Components of cigarette smoke and effects

 Nicotine – causes addiction. Causes the lumen (passage way for blood) in arteries to decrease which leads
to a build-up of fats (atherosclerosis). Increases heart rate and nerve impulse transmission (person becomes
more active/alert).

Normal artery Effect of nicotine on artery

 Tar – coats the bronchi and bronchioles leading to inflammation (bronchitis). Bronchitis causes the
passage way for air to decrease making it hard to breathe. Causes cancer: lung cancer, throat cancer, mouth
cancer etc.
 Carbon monoxide – combines with haemoglobin in red blood cells to form carboxyhaemoglobin which
reduces the amount of oxygen that is transported by red blood cells.

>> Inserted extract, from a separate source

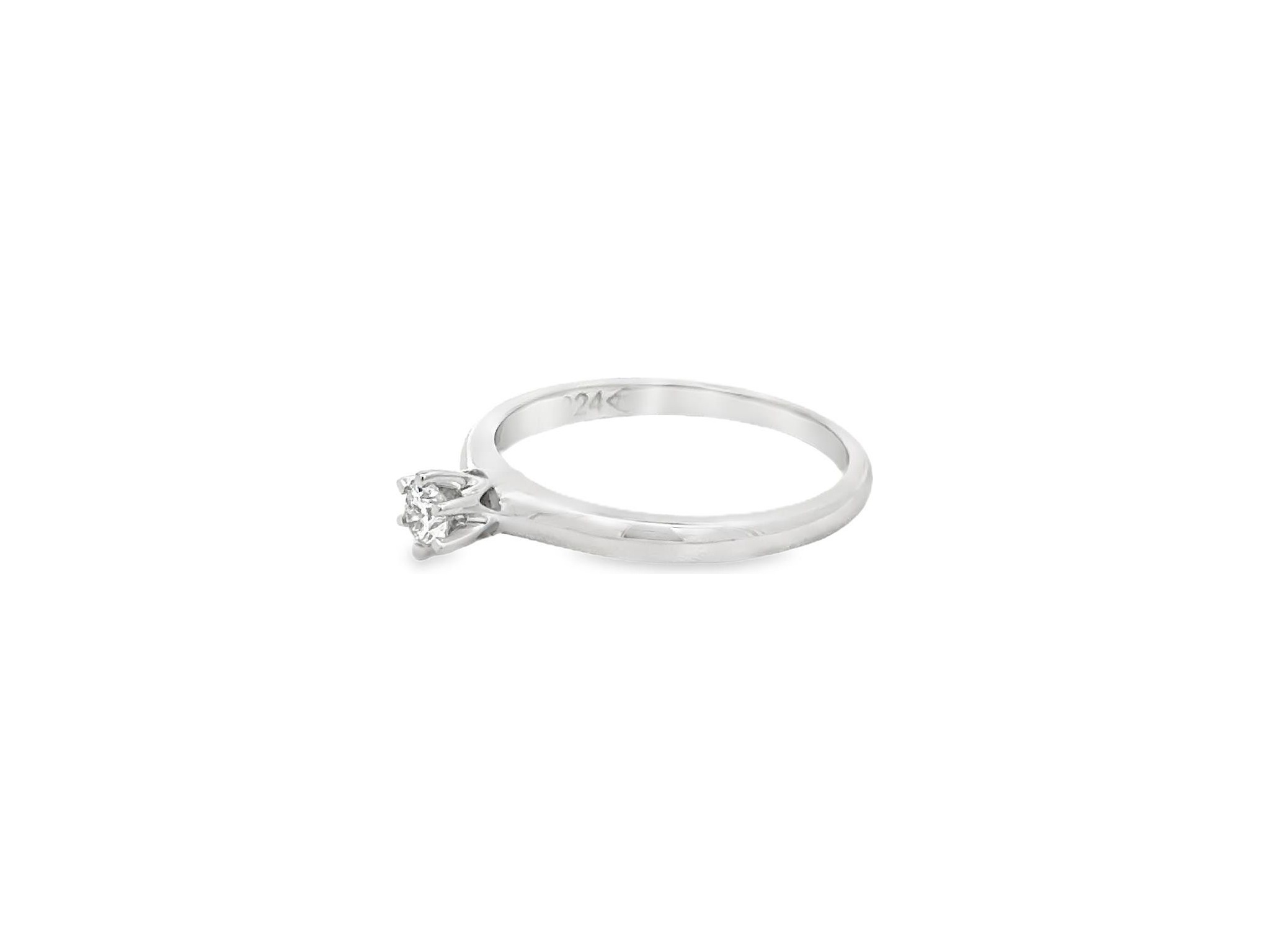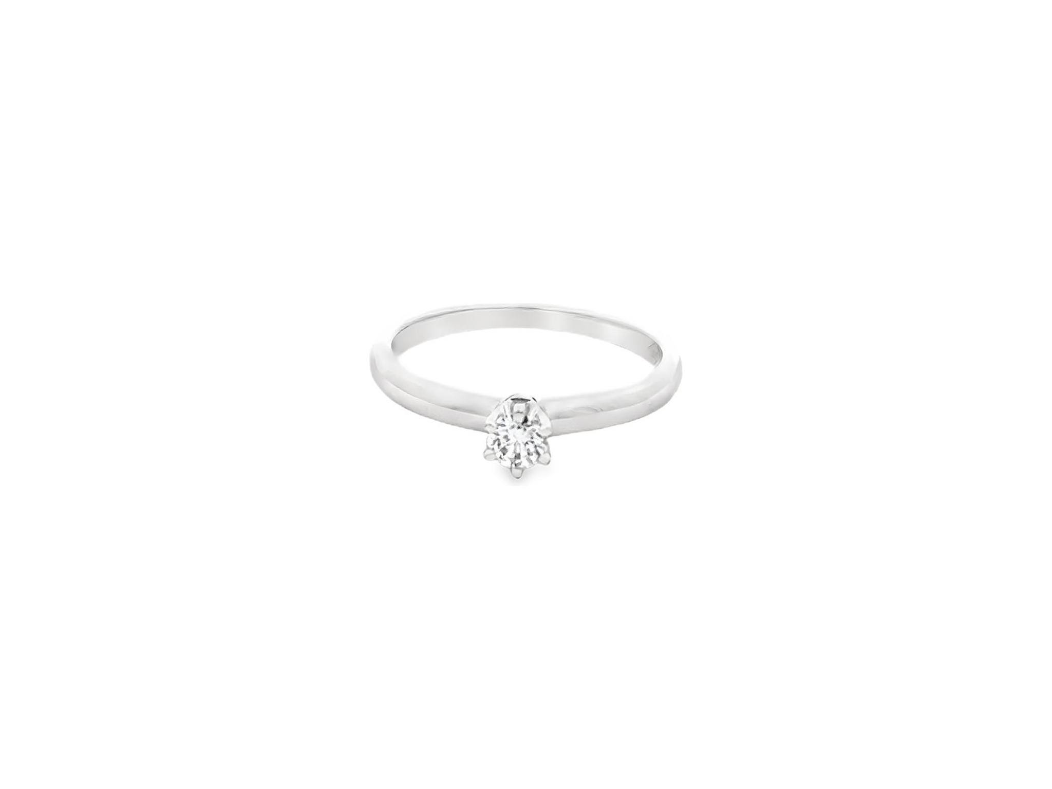 18K White Gold Classic Solitaire Ring with Natural Round Diamond in 6-Prong Setting

Respiratory diseases caused by cigarette smoking

 Bronchitis – inflammation of respiratory tract. This results in constriction of the bronchi and bronchioles.
 Emphysema – destruction of elastic fibres in alveoli leading to loss of function of alveoli.
 Lung cancer – cancer is the uncontrollable division of cells. Cancer may lead to the growth of a large mass
of cancerous cells called a tumor.

Evaluation

1. Which physiological disease(s) is caused by nicotine? Give a reason(s) for your answer. (4 marks)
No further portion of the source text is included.